In this context the key message that we focus on is "grave political misconduct", which is one of the issues that can be used legitimately. Below is an example of how this was framed in a recent local campaign:
"Veolia is a company which is complicit in Israel's occupation. The Geneva Convention prohibits the occupying power from transferring its own civilians into occupied territories and goes on to prohibit significant alterations to the infrastructure. What Veolia does in Israel is not a marginal act. It has a contract with Israel, and it makes profits by breaking international law. It is a very clear case of grave professional misconduct, and we consider that Veolia should be excluded from any future tenders on those grounds."
The focus is to give decision-makers a framework within which they can, legally, make the decision we want.
Secondly, it is campaigning with the workforce inside the company. The workers will be worried about their futures, naturally so. The task is to convince them that it is in their long-term interests to campaign to get, in this case, Veolia out of Israel and for the company to stop operating illegally; to convince them that the reputational damage is going to be a greater risk eventually. The Palestine Solidarity Campaign (PSC) is now running campaigns with workforces in Veolia and BT (British Telecom), and with the unions in G4S, and hope to launch a campaign soon. These are campaigns not against the workforce, but with them. It is not a boycott; it is a campaign to get the company to withdraw from illegal contracts, because it's in their own best interest to do so.
Finally, and perhaps most importantly, there is the community campaign, which is normally the driving force. It is the building of a coalition of activists, students, faith groups and politicians. The aim is to build pressure on the company and the decision-makers and to generate publicity. The timetable of the contract decision-making process quite often gives a clear focus for campaign activity.
These three strands need to work in unison, reinforcing each other. When the final decision comes, if it is not to award the contract to Veolia or any other complicit firm, it is important to claim the victory: the decision is always said by such companies to be for some other reason.
S is for Sanctions
As the successes demonstrate, the solidarity movement is good and getting better at both boycott and divestment. Our weakness has been at a national political level. This is about shifting the political paradigm; getting inside the tent and trying to move to a tipping point when we can make governments start to act. The recent EU guidelines on research funding in relation to the settlements is a first tentative step in this direction.
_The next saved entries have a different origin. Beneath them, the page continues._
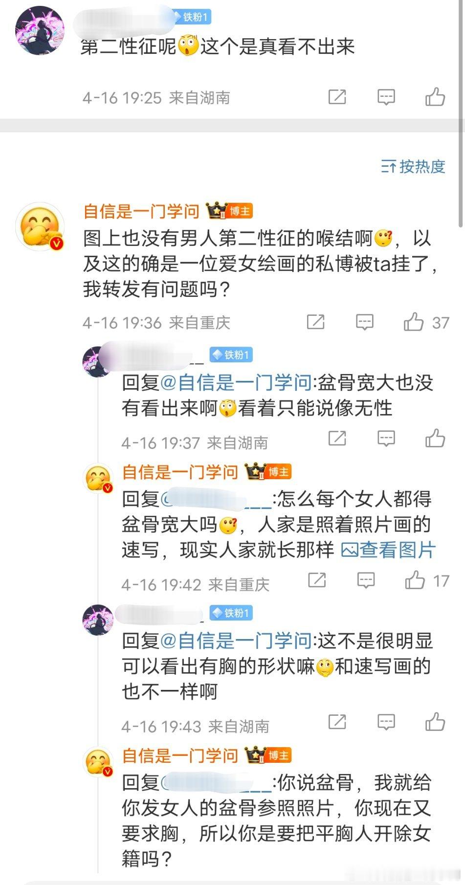 但是当爱女绘画作者画了一张与她们理念相反的图后:这没有胸,这不是女人。盆骨不够宽,这不是女人。这不是长发,看着不是女人。
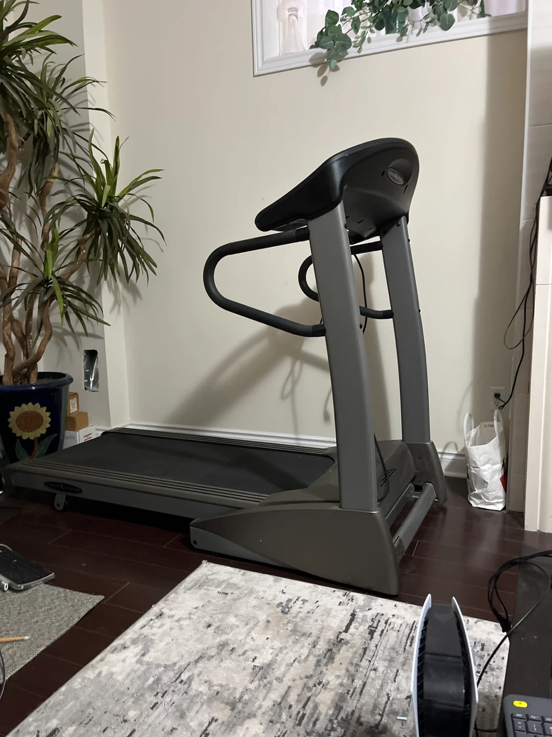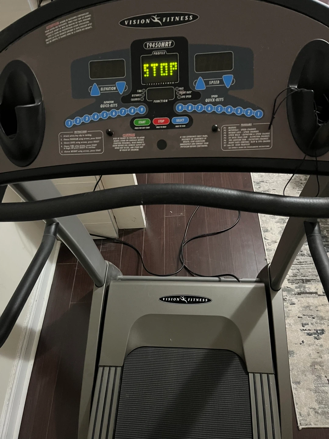 Selling a Vision Fitness treadmill, model T9450HRT. It has different programs like weight loss, speed walk, 5k back trail run, and heart rate control. The display shows time, distance, and calories burned. It also has quick keys for speed and elevation. Paid 2,000 before tax
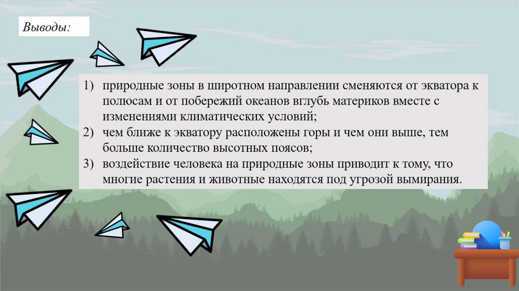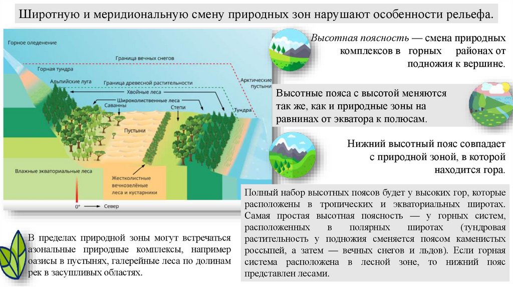 Широтную и меридиональную смену природных зон нарушают особенности рельефа.Высотная поясность — смена природных
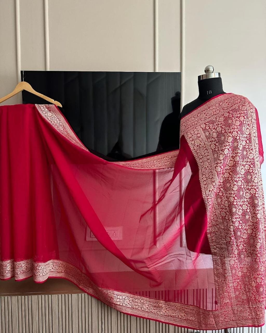 Fabric :                Banarasi mysore crape silk (dyeable saree)
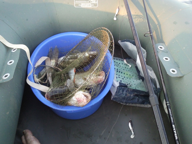 Вчера, район армянского пляжа... Только выехали - попали на котел... Удачно подплыли и заякорились практически по центру котла, практически не распугав рыбу. Как итог - каждый заброс приносил либо жерехе, либо окуня. Выловлен зачетный жерешок на 2кг, окунь самый крупный - 800г. Идиллия продолжалась минут 30, пока не обурили конкуренты, тем самым распугав рыбу((((. Итог на фото:
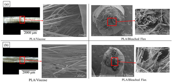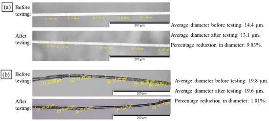 Notably, the strain at break for PLA/viscose filaments was significantly higher than that of individual viscose fibres (εb of 10.7–15.6% for the composites compared to a εb of 13.2% for single fibres). This difference may be attributed to fibre sliding within the filament, caused by reduced fibre diameter during tensile testing. Viscose fibres generally exhibit a greater reduction in diameter than flax fibres under tensile stress, which can lead to fibre separation and sliding, resulting in increased strain at break values. Figure 14 illustrates the diameter differences for individual viscose and bleached flax fibres before and after tensile testing, highlighting the reduction observed in viscose fibres.
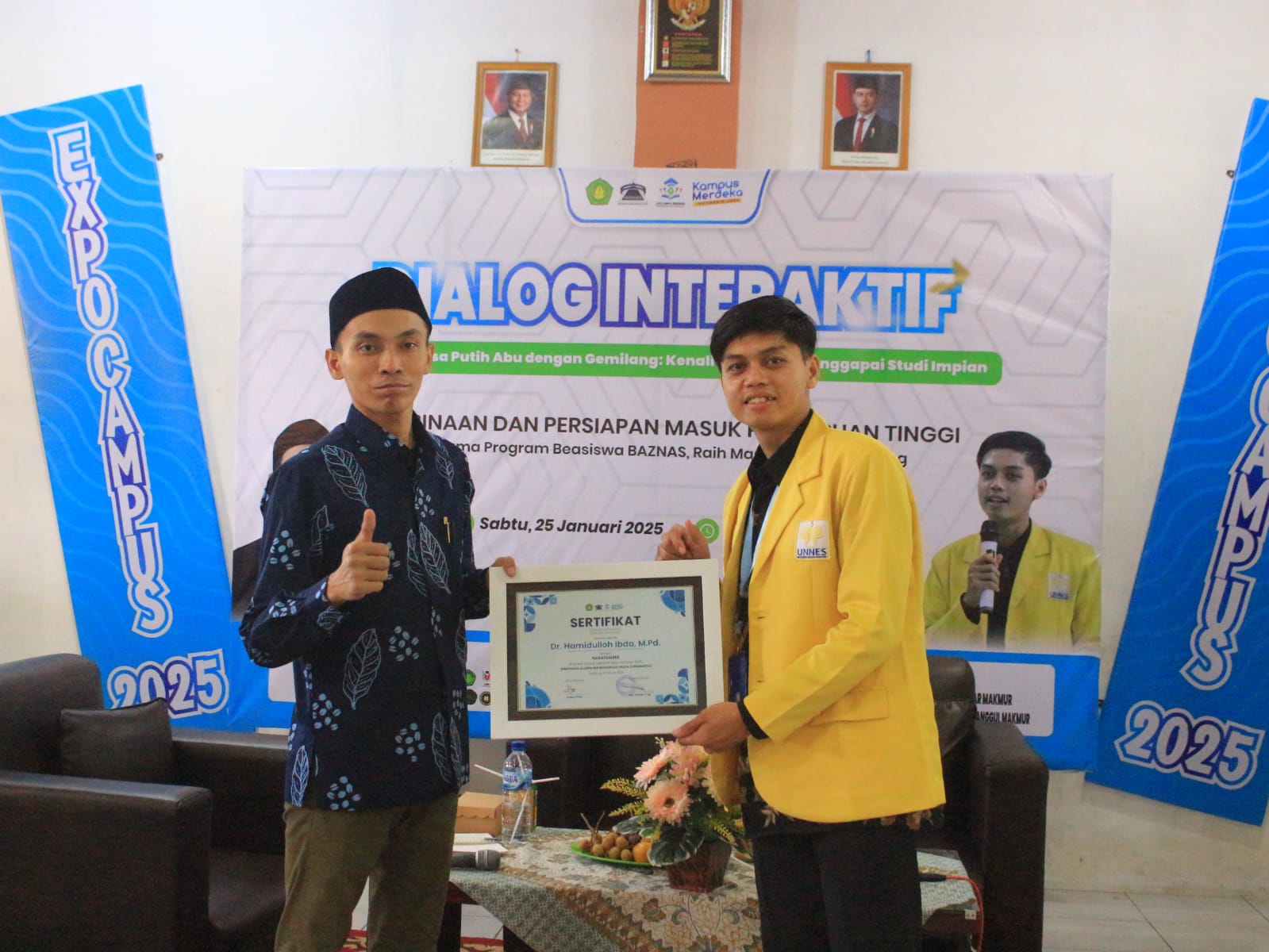 Setelah pembukaan, kegiatan dilanjutkan dengan Dialog Interaktif bertajuk Melepas Masa Putih Abu dengan Gemilang: Kenali Diri untuk Menggapai Program Studi Impian” itu dihadiri ratusan pelajar kelas X, XI, XII MA. Madarijul Huda dan pelajar SMK Mambaul Huda dengan narasumber Wakil Rektor Institut Islam Nahdlatul Ulama (Inisnu) Temanggung, Dr. Hamidulloh Ibda. Sebagai narasumber Dialog Interaktif, Ibda menyampaikan materi bertajuk “Strategi Kuliah Bermodal Nekat dan Bismillah”.

On the face of it the guidelines are not that controversial. They were explained by European diplomats as merely bringing together in a single place existing regulations.
The core principle is that EU money should only be spent on EU programmes within boundaries recognised by the EU. The self-evident point was that the settlements, being illegal and on occupied land, do not fit within any definition of where EU money should go.
The publication of the guidelines did not require new approval, as they were based on settled policy; but they unleashed a torrent of diplomatic anger from Israel, with support from John Kerry and the US. Much to their surprise, there was no mood in Brussels to shift on the guidelines themselves. You could detect an almost physical frustration and annoyance with Israel as it assumed a right to be able to tell the EU how it could and should spend its money. It is still the recipient of large sums of money not destined directly to the settlements.
How do we make this shift happen?
The solidarity movement needs to be bigger, broader and deeper across the globe. Organisations such as the PSC need to be bigger; to have the additional resources and capacity to take the campaign to ever higher levels. This will mean increasing membership and raising funds from supporters of Palestine, not for humanitarian aid, but for political action.
The alliances also need to get broader, including not just activists and trade unions, but also a broad range of politicians, community groups and faith organisations, and tapping into the growing empathy amongst students.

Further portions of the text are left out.